-- Description of the task --
The expected result is an exact restatement of the data, free of pictures.

*** Available data Section Begins ***

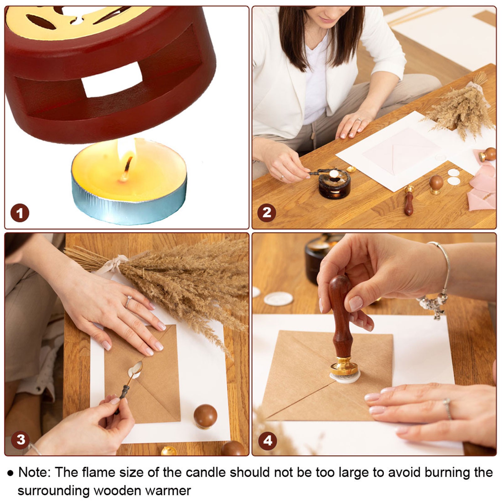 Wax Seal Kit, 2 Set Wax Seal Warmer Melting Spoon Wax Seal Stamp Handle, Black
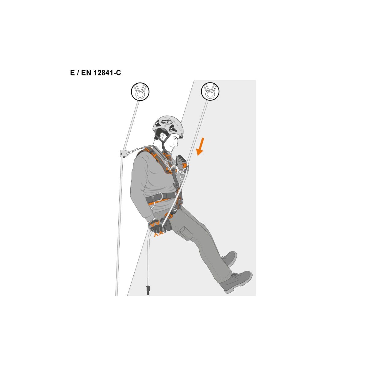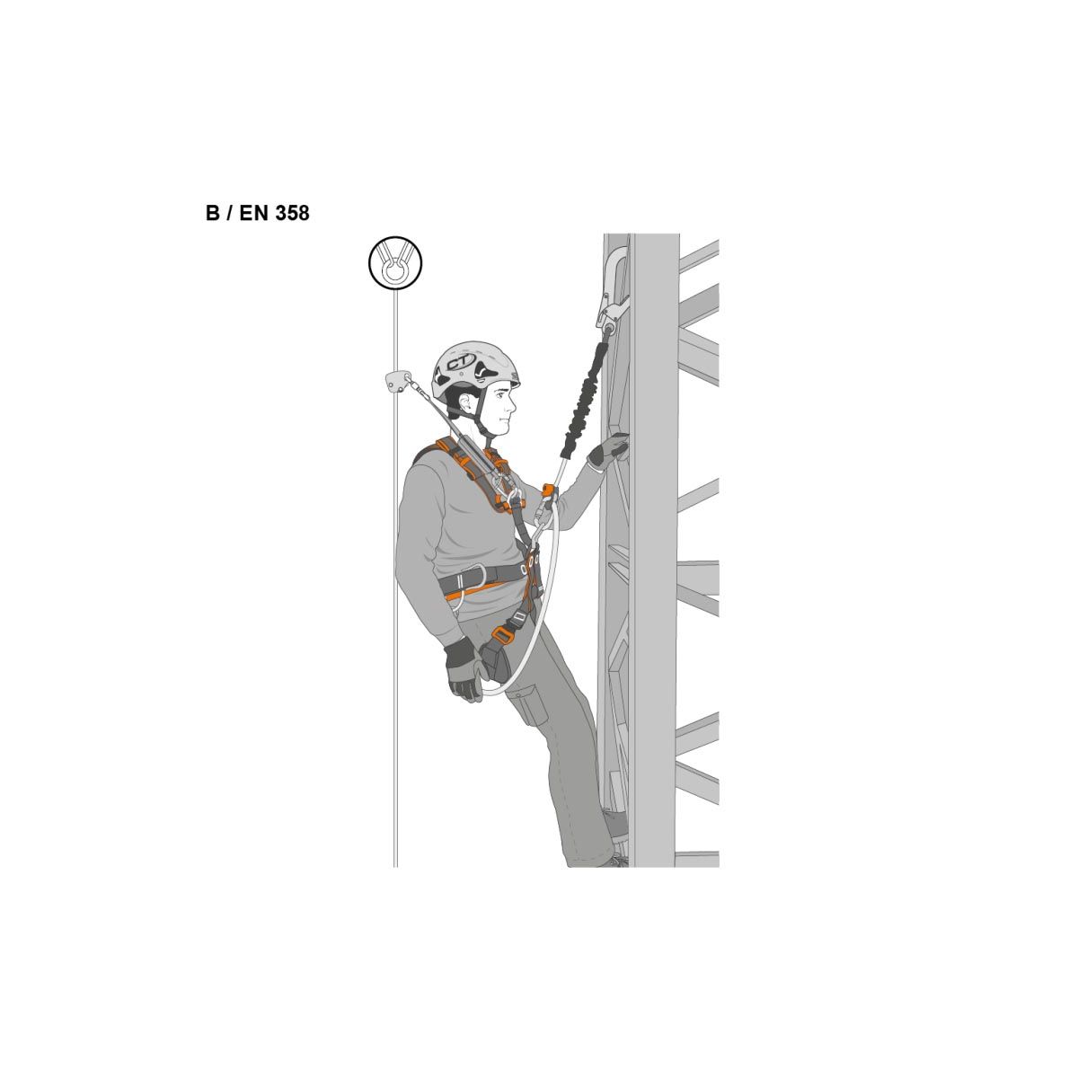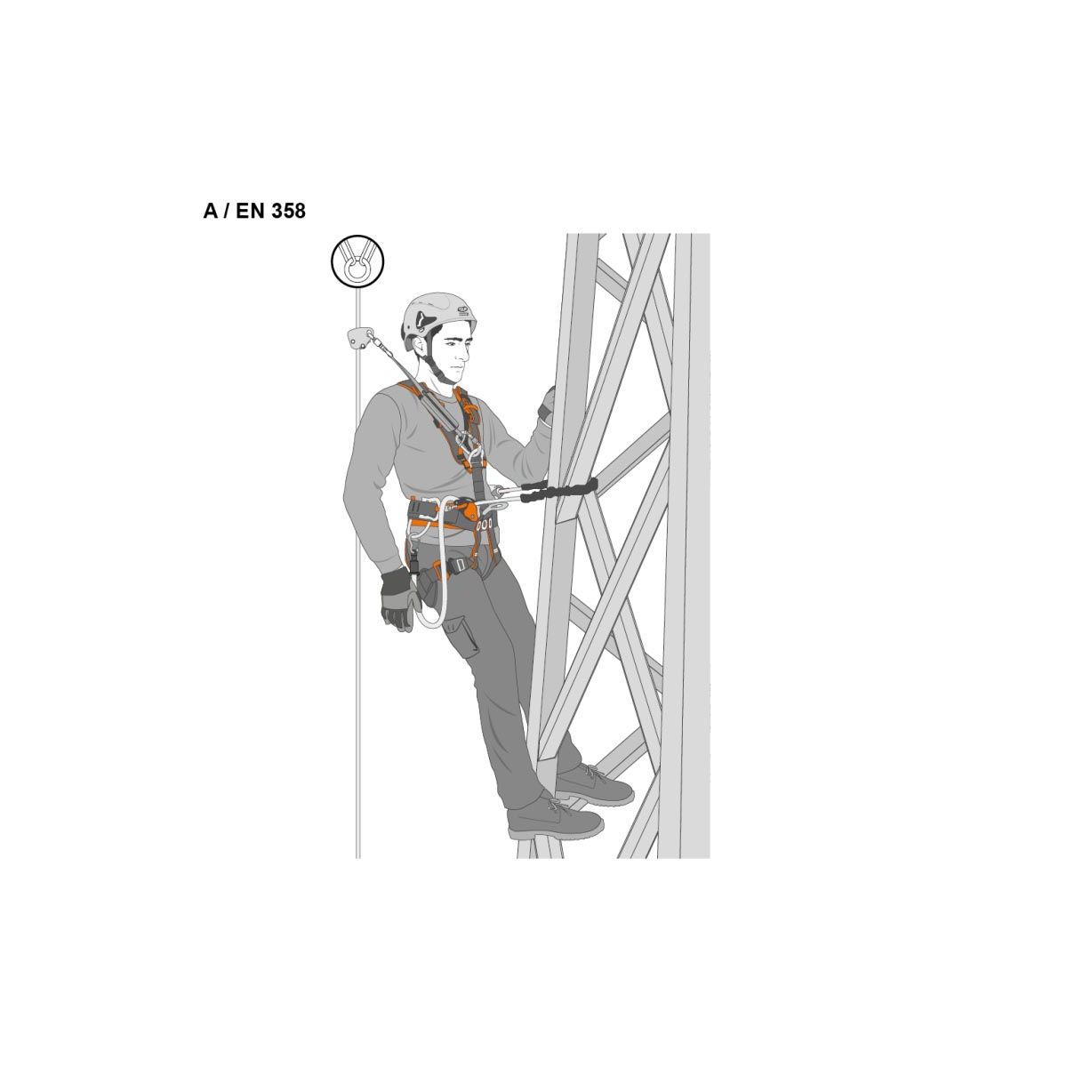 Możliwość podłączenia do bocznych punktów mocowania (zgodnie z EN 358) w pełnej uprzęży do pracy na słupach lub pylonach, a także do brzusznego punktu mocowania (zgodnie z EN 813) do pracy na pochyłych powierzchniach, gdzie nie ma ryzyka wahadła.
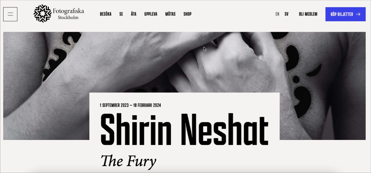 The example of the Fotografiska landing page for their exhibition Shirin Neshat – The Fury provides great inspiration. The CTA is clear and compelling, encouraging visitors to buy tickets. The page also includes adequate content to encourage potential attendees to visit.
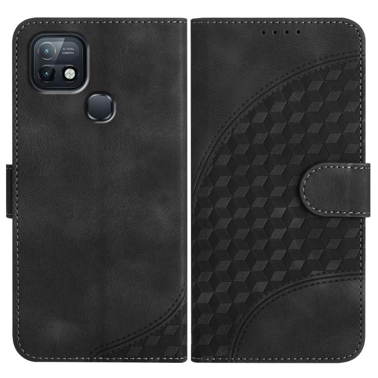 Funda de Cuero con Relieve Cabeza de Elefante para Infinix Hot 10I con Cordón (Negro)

*** Available data Section Ends ***

-- Answer to the problem --
 Wax Seal Kit, 2 Set Wax Seal Warmer Melting Spoon Wax Seal Stamp Handle, Black
 Możliwość podłączenia do bocznych punktów mocowania (zgodnie z EN 358) w pełnej uprzęży do pracy na słupach lub pylonach, a także do brzusznego punktu mocowania (zgodnie z EN 813) do pracy na pochyłych powierzchniach, gdzie nie ma ryzyka wahadła.
 The example of the Fotografiska landing page for their exhibition Shirin Neshat – The Fury provides great inspiration. The CTA is clear and compelling, encouraging visitors to buy tickets. The page also includes adequate content to encourage potential attendees to visit.
 Funda de Cuero con Relieve Cabeza de Elefante para Infinix Hot 10I con Cordón (Negro)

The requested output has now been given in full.